Resistance To Nuclear Power Leaving Australia Vulnerable -Official
October 12 2010 - 4:12AM
Dow Jones News
Australia's resistance to a domestic nuclear power industry
risks leaving the country vulnerable if the world agrees to
greenhouse gas emission targets, the head of Canberra's nuclear
power body said Tuesday.
Ziggy Switkowski, chairman of the Australian Nuclear Science and
Technology Organisation, said the country's current dependence on
fossil fuels would leave it exposed if carbon emissions targets are
agreed to.
"This is a national vulnerability. If the world moves to clean
energy, then what's been a source of competitive advantage for
Australia--low-cost fossil fuels--will become a competitive
disadvantage," he told a conference in Brisbane.
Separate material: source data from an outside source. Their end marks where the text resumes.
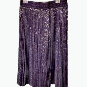 LuLaRoe Purple and Gold Metallic Elegant Jill Pleated Skirt Size Medium
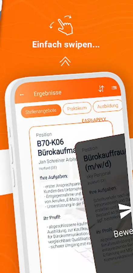 - Job offer interesting? Swipe to the right and apply directly - also on mobile with just one click!
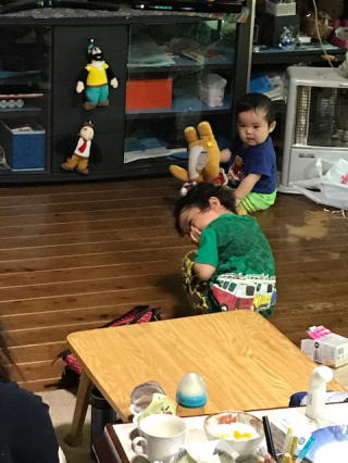 | 2017/06/19(月) | 今日は娘の長男の3歳の誕生日だった。それで昼からケーキなどを持参した。往復高速を使わず下の道を行く。真夏の暑さだった。 9ヶ月になる次男は下痢で保育園お休みで、にこにこして私達を迎えてくれた。この子はハイハイが苦手で、玩具を持って動くように仕向けないと座りっぱなしだ。長男の時とはまた違っておっとりしている。娘に似ている様子。それぞれ面白い。 4時保育園から帰ってきた長男は現在恐竜に興味があって、大きな恐竜図鑑を広げて恐竜の名前一つ一つを教えてくれる。 車が大好きで、車に没頭してたのが嘘のように恐竜に焦点が移ってしまった様子だ。きっと保育園の友だちと、そんな恐竜の話しをしているのだろうか。保育園ではおむつは取れているようだ。 夜家族でケーキを囲んでいる写真が送られてきた。3本のローソクの火を2人の幼子がじーっと見詰めている写真だ。たった3本か・・私はあと60本のローソクが必要な年になってしまった。日々怠惰に過ごしていると人生早かなあ・・ 午後4時半には出て、途中の小川の実家で草むしり。先日草刈りしてもらったのに成長が早いこと。・・田舎の草庭にはうんざりしてしまう。 3 |
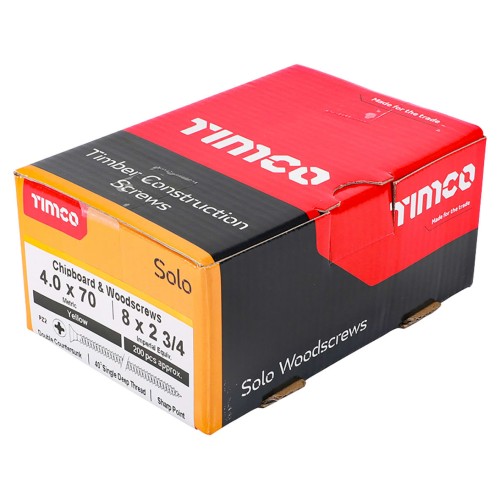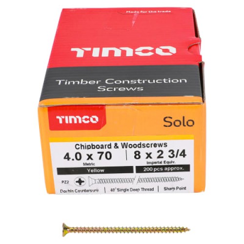 • TIMCO Solo Chippy Pozi Countersunk Wood Screws - 4.0 x 70mm - Yellow Zinc - Pack of 200
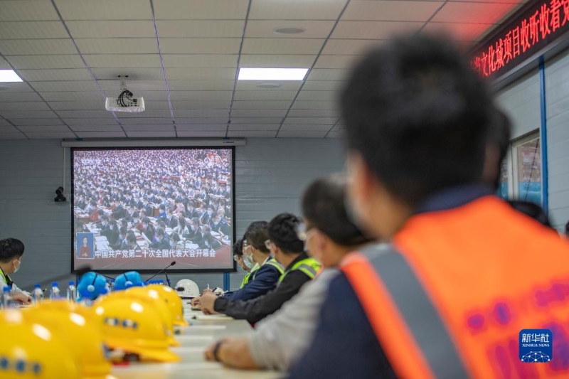 10月16日,在重慶時尚文化城項目,中建八局西南公司一線職工收看中國共產(chǎn)黨第二十次全國代表大會開幕會。
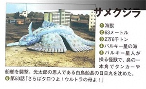 被巴尔基星人作为作为尖兵带到地球的水栖怪兽。使白鸟健一的父亲等多人乘坐的多数油轮沉没。鼻角非常锋利。和巴尔基星人一起夹攻泰罗,然后被泰罗的斯特利姆光线轻松击败。
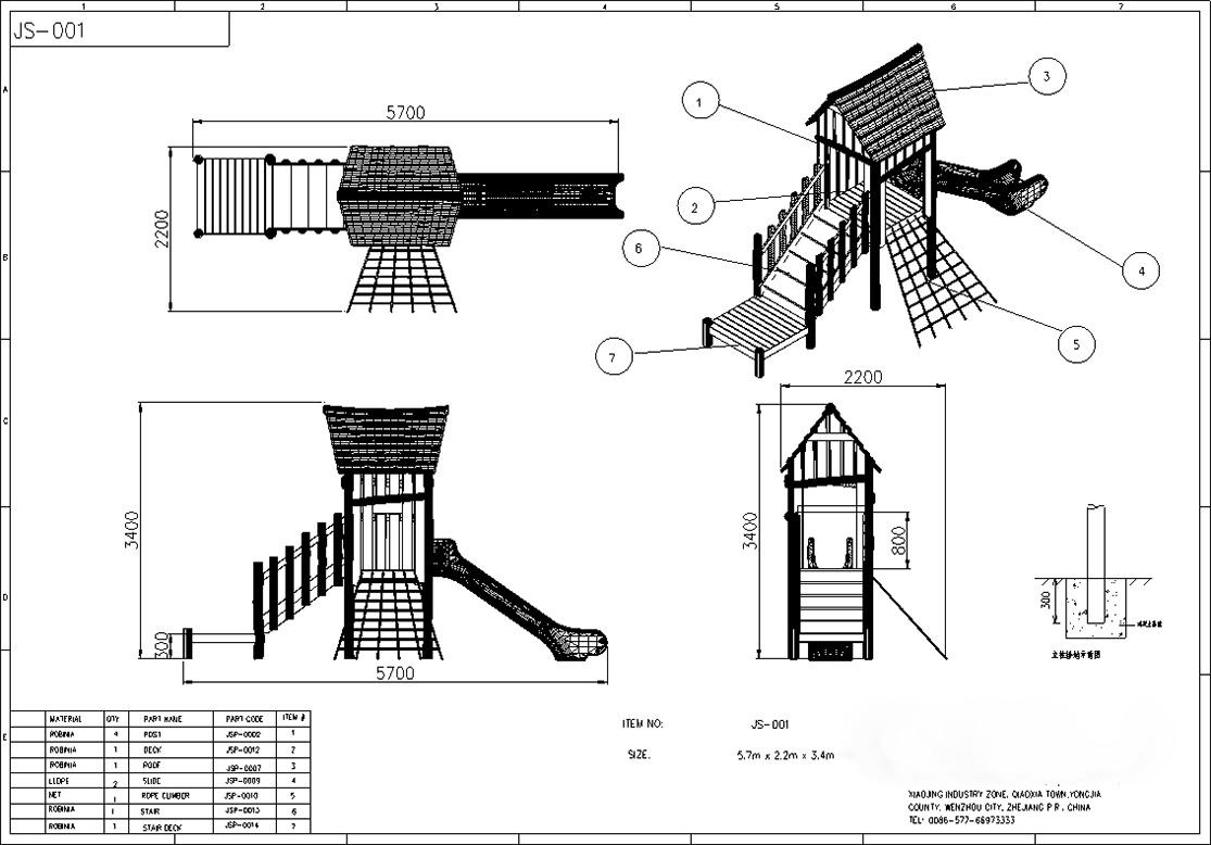 | Главный Материал | 1) Пластик: LLDPE, ротационная форма, защита от ультрафиолетовых лучей, антистатичность, защита от трещин. Пищевой пластик. 2) Металл: оцинкованная сталь 3) Веревка: φ16 мм с внутренней сталью 4) деревянный: высококачественная древесина робинии. 5) Винт: нержавеющая сталь 304 |

Australia is home to around 38% of the world's uranium reserves
and two of the world's three biggest uranium mines--BHP Billiton
Ltd.'s (BHP) Olympic Dam mine and Energy Resources of Australia's
(ERA.AU) Ranger mine.
However, it was alone among the world's 28 largest economies in
not considering nuclear power as part of a future energy and
climate change policy, Switkowski said.
The country's only working nuclear reactor, at Lucas Heights
near Sydney, produces medical isotopes.
Around 90% of Australia's electricity is generated from fossil
fuels, principally coal, and establishing a nuclear industry would
be essential to breaking that pattern, he told Dow Jones
Newswires.
"We're just about the highest per capita greenhouse gas emitters
in the world, and we are publicly committed to massive greenhouse
gas reduction targets.
"But I don't see how we're going to get there without nuclear
power in the narrative. I can't make the numbers work."
He suggested that ten 1,000-megawatt reactors could be built by
2050 to deliver a quarter of the country's energy needs, built on
the location of existing fossil fuel stations because of their good
grid connections, water supply, and the absence of local
communities.
However, the result of recent federal elections, after which the
Labor government holds power thanks to the support of a Green party
MP and three independents, has made the prospects of change more
remote, he said.
The Greens are publicly opposed to nuclear power, and two of the
three independents have a record of opposition to the nuclear
industry.
"I think the election outcome has, if anything, slowed or
tempered any enthusiasm for nuclear power at the policy level for
some time," he said.
At the same conference, Tsunehisa Katsumata, chairman of Tokyo
Electric Power Co. (9501.TO), one of Japan's largest power
utilities, said Australia was more suited to nuclear power than his
own country.
"You have lots of land where people don't live. You don't have
earthquake issues because you have solid geology," he said. "But it
is difficult to convince your community on the basis of energy
security," since the country has such abundant energy supplies,
"and also fossil fuel power generation is very low cost, so it is
very difficult for nuclear to compete."
Tepco operates 17 nuclear reactors in Japan, accounting for 40%
of the company's electricity output. Its Kashiwazaki-Kariwa plant
is the world's largest-capacity reactor.